Troops from the Somali region of Puntland on Sunday rescued 22 hostages held by pirates for almost three years after their ship was seized off the Yemeni coast, the authorities said, adding that the men bore signs of torture.
The crew from the Dubai-owned and Panamanian-flagged MV Iceberg were freed after two weeks of fighting and a siege of the vessel off the coast of Somalia, the Puntland authorities said in a statement.
"Puntland government forces conducting a humanitarian rescue operation have safely rescued 22 hostages on board the MV Iceberg 1 vessel," according to the statement from the semi-autonomous northern state.
It said the rescue of the multinational crew came after two weeks of "fighting pirates and laying siege to the vessel".
Government forces first surrounded the vessel on December 10 near the coastal village of Garaad in the Mudug region.

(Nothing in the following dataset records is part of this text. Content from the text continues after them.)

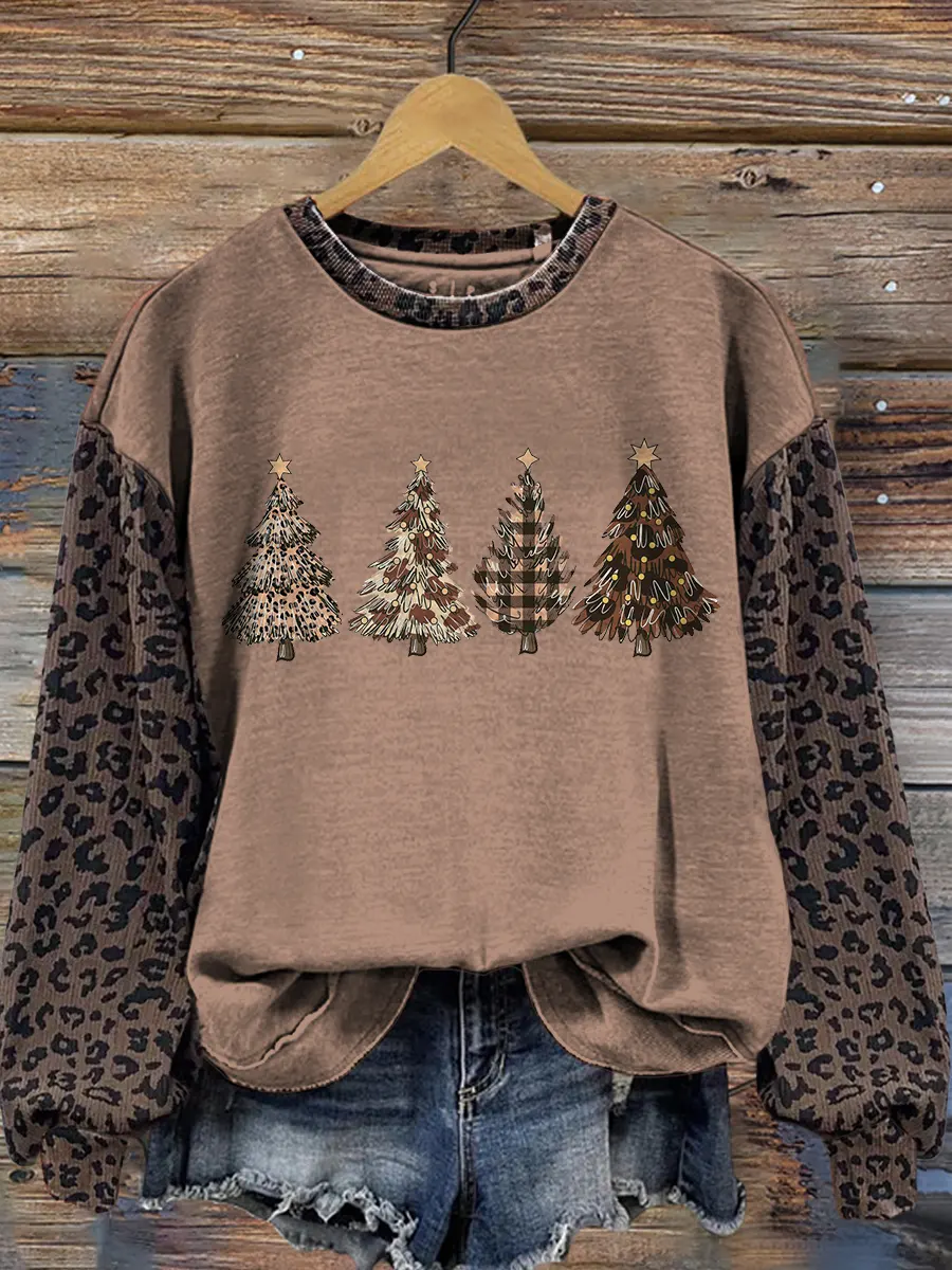 Retro Christmas Tree Leopard Print Casual Sweatshirt
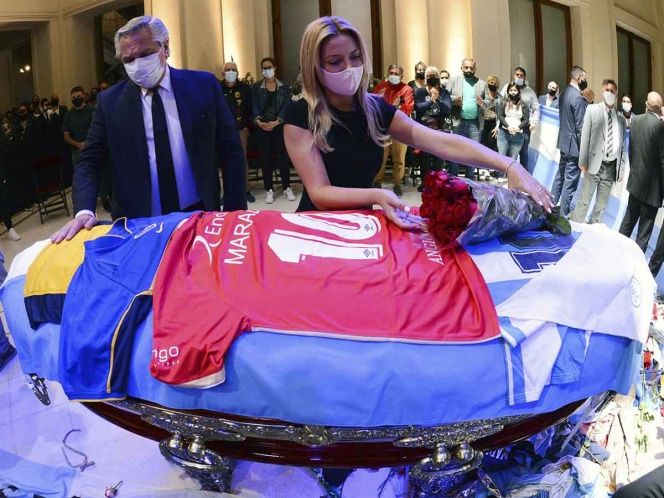 «Claudia (Villafañe) y las hijas de Maradona están en un velorio íntimo a cajón abierto dándole un último adiós hasta que se retire el féretro de la Casa Rosada», señaló una fuente gubernamental.
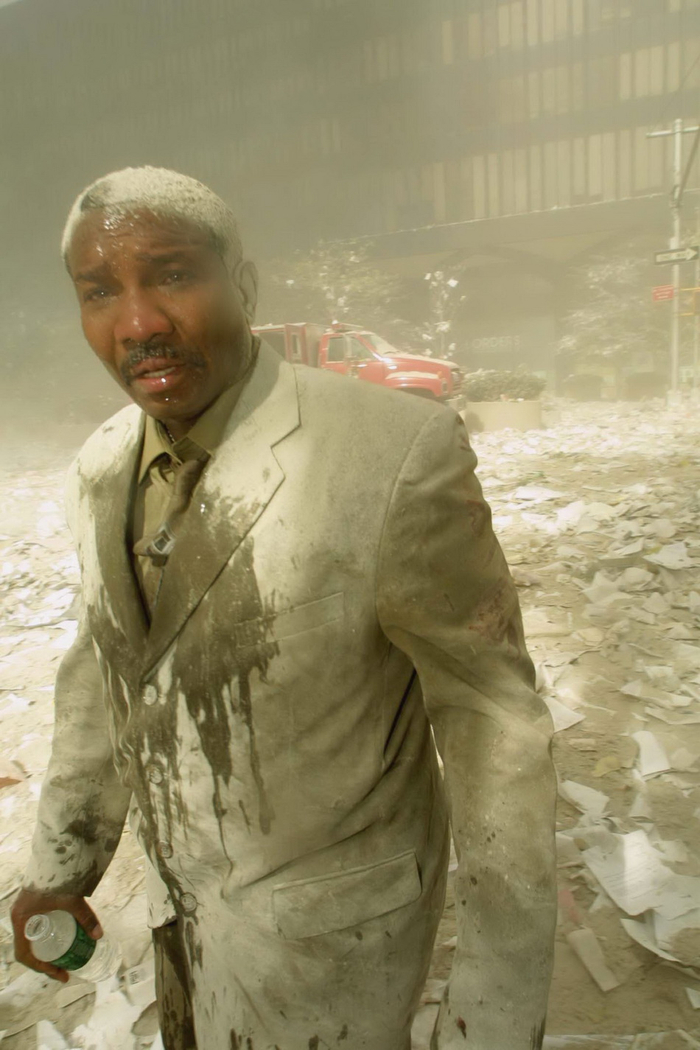 当地时间2001年9月11日,双子塔倒塌后,一名满身灰尘的男子在废墟边走边用水冲洗脸上的粉尘。
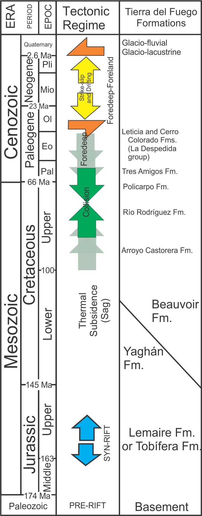 The central part of the Tierra del Fuego island, north of Lago Fagnano, includes a succession of Lower Cretaceous to Eocene units exposed along WNW-ESE oriented belts (Fig. 3; Malumián and Olivero, 2006; Olivero and Malumián, 2008; Martinioni et al., 2013). The Lower Cretaceous Beauvoir Formation exposed along the northern margin of Lago Fagnano, part of the back-arc basin-fill of the former Rocas Verdes marginal basin, is composed of slates, mudstones and minor sandstones of hemipelagic deep-marine environment. The Upper Cretaceous, which includes Arroyo Castorera, Río Rodríguez and Policarpo formations, is mudstone-dominated, with an upward increase in coarse sand material and represents the transition to the Late Cretaceous Austral foreland basin evolution. This transition is interpreted as turbiditic deposits that were progressively accumulated in front of the rising Fuegian Andes (Martinioni et al., 2013). The Paleocene Tres Amigos Formation (Cerro Apen Beds in Martinioni et al., 2013) consists of conglomerates, sandstones and siltstones from fan delta deposits. The Leticia and Cerro Colorado formations (both from Eocene of La Despedida Group) crops out in the northeast. These formations consist of mudstones and sandstones from a coastal and estuarine environment.
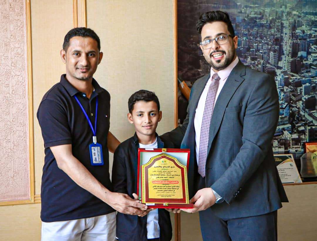 كرم وكيل العاصمة عدن، الأستاذ عبد الرؤوف السقاف، الطالب يسلم وليد السعيدي الكلدي، الذي حقق المركز الثاني في بطولة تونس للحساب الذهني وحاز على لقب "عبقري عباقرة العرب" لعام 2424م.
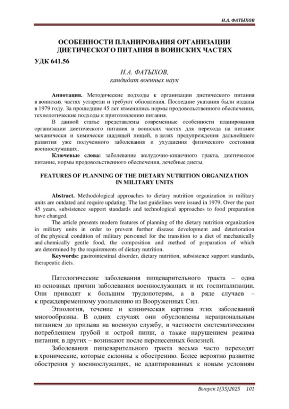 Статья: ОСОБЕННОСТИ ПЛАНИРОВАНИЯ ОРГАНИЗАЦИИ ДИЕТИЧЕСКОГО ПИТАНИЯ В ВОИНСКИХ ЧАСТЯХ
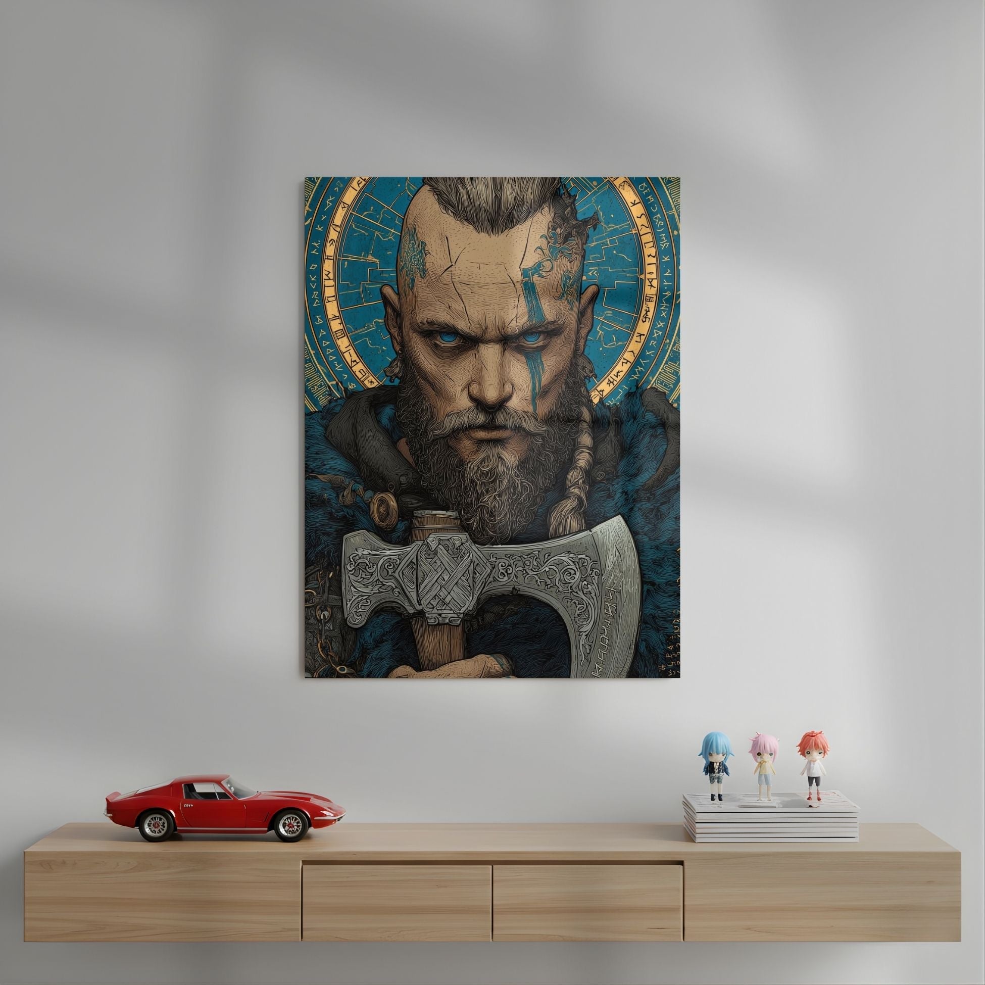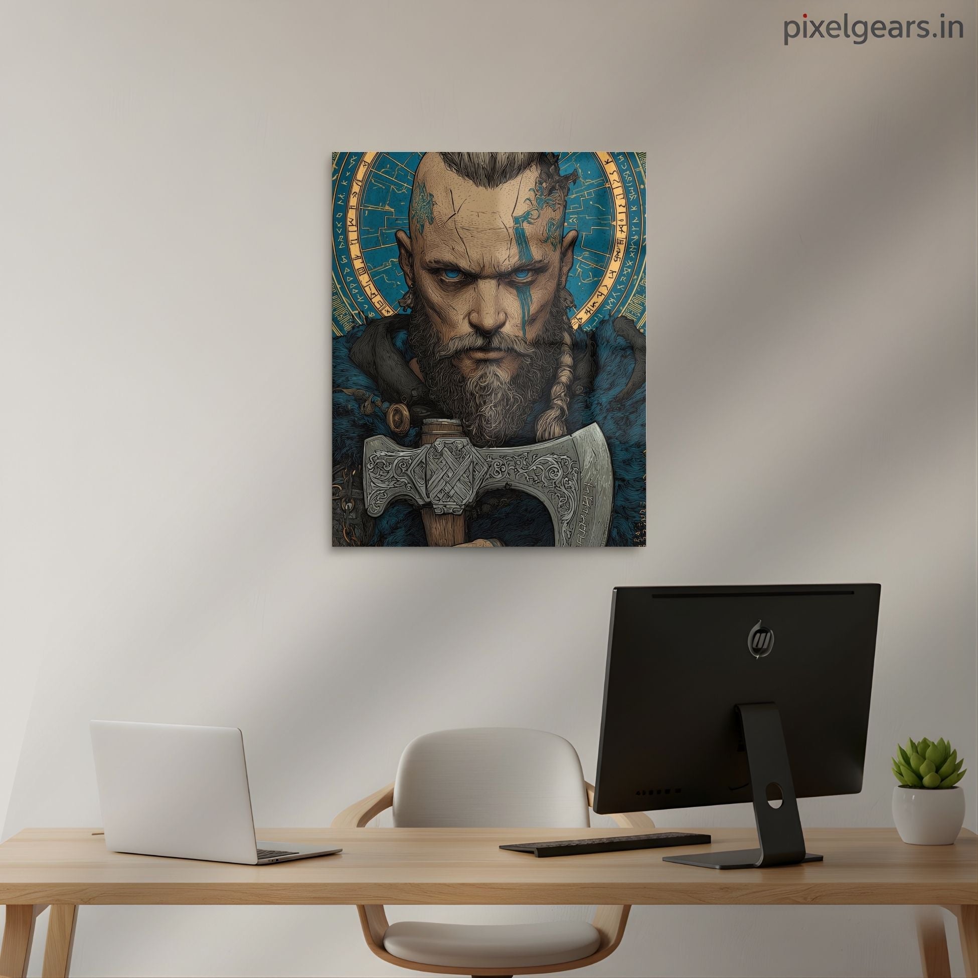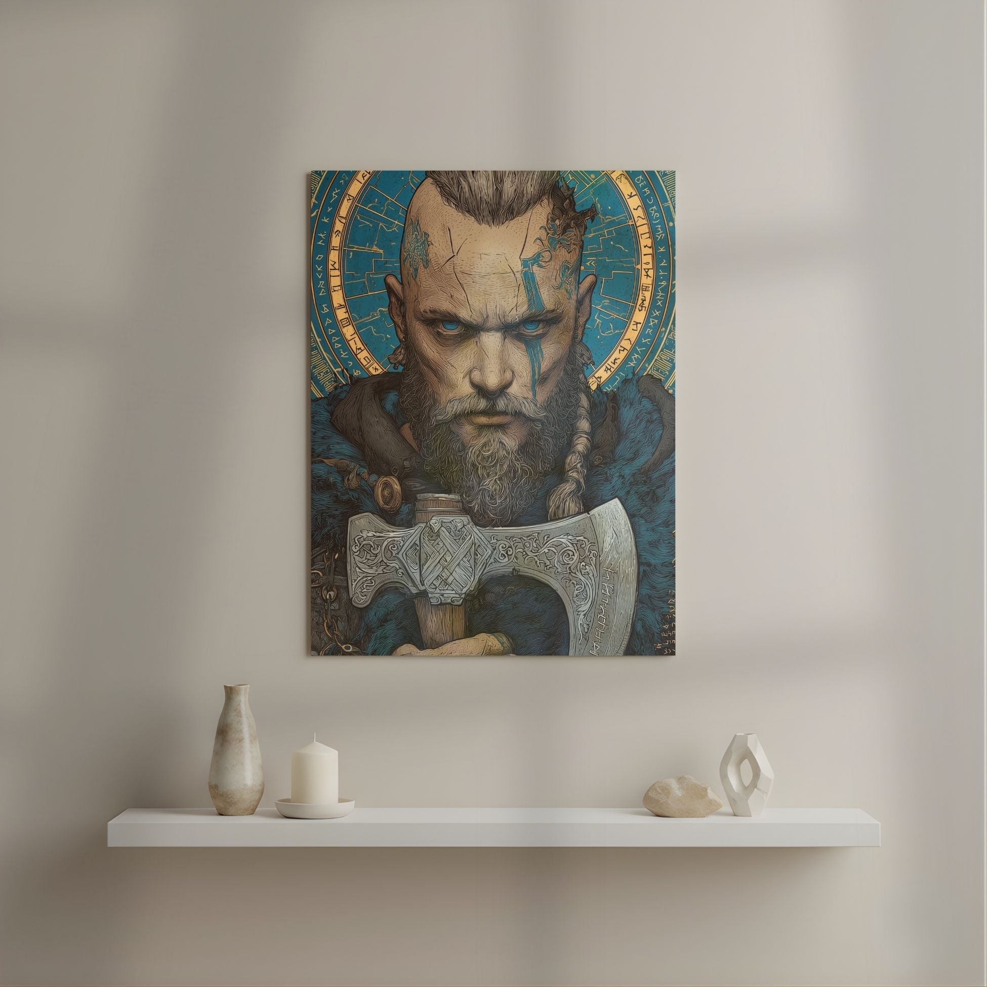 Ragnar Lothbrok Axe Line Art Metal Poster | Aesthetic Pop Art Wall Decor & Painting

The 4,000 tonne ship was seized in the Gulf of Aden in March 2010 with a crew of 24 people hailing from Ghana, India, Pakistan, the Philippines, Sudan and Yemen.
Puntland authorities gave no indication Sunday what became of the two other missing crew members.
"After two years and nine months in captivity, the hostages have suffered signs of physical torture and illness," the authorities said. "The hostages are now receiving nutrition and medical care."
Somalia has been ravaged by a relentless conflict since 1991, and a lack of effective central authority has allowed pirate gangs, extremist militia and other armed groups to control mini-fiefdoms.
However, piracy attacks off the coast of Somalia have plummeted to a three-year low thanks to beefed up naval patrols and armed security aboard ships in the Gulf of Aden and the Indian Ocean.
But while the pirates have lost ground, the International Maritime Bureau warned in October that Somalia's waters remain extremely high-risk.